In spring 1946, the first of 33 trials against the staff of this camp network took place in the Curiohaus prison in Hamburg. SS Unterscharführer Wilhelm Bahr stood out in the first trial. He had personally gassed almost 200 Soviet prisoners of war with Zyklon B, murdered hundreds of prisoners with petrol injections, and experimented with hydrogen cyanide. Bahr fully admitted his guilt.
On 3 May 1946, Bahr, along with former Neuengamme concentration camp commandant Max Pauly, SS Doctors Bruno Kitt and Alfred Trzebinski, Protective Custody Camp Leader Anton Thumann, and camp officers Johann Reese, Willy Warnke, Heinrich Ruge, Andreas Brems, Wilhelm Dreimann, and Adolf Speck, were sentenced to death by hanging.

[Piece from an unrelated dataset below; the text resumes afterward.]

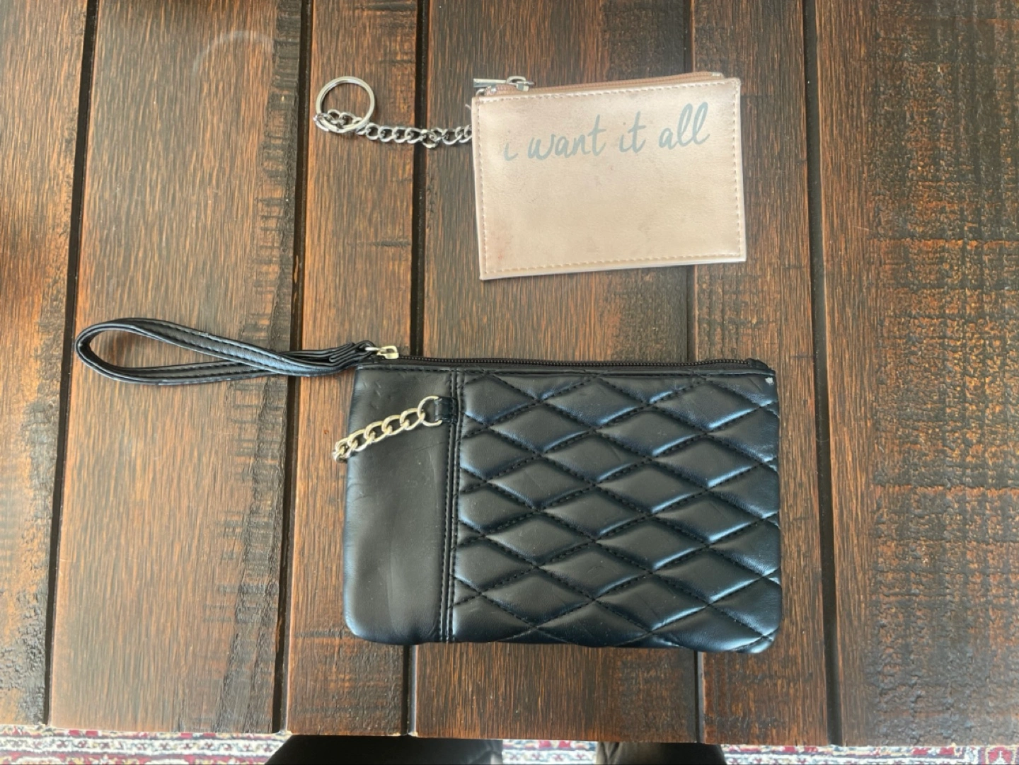 Two small purses. One black quilted purse with a wrist strap and chain detail. One pink coin purse with zipper and keychain. Take one or both.

The sentence was carried out on 6 October that year. The British hereditary executioner Albert Pierrepoint, who executed these men, later became an opponent of the death penalty. In his memoirs, he wrote: “When you have hanged more than 680 people, it’s a hell of a time to find out that you do not believe capital punishment achieves anything.” However, he also noted that after the execution of these Nazis, even he felt physically better, as one does after hard but essential work.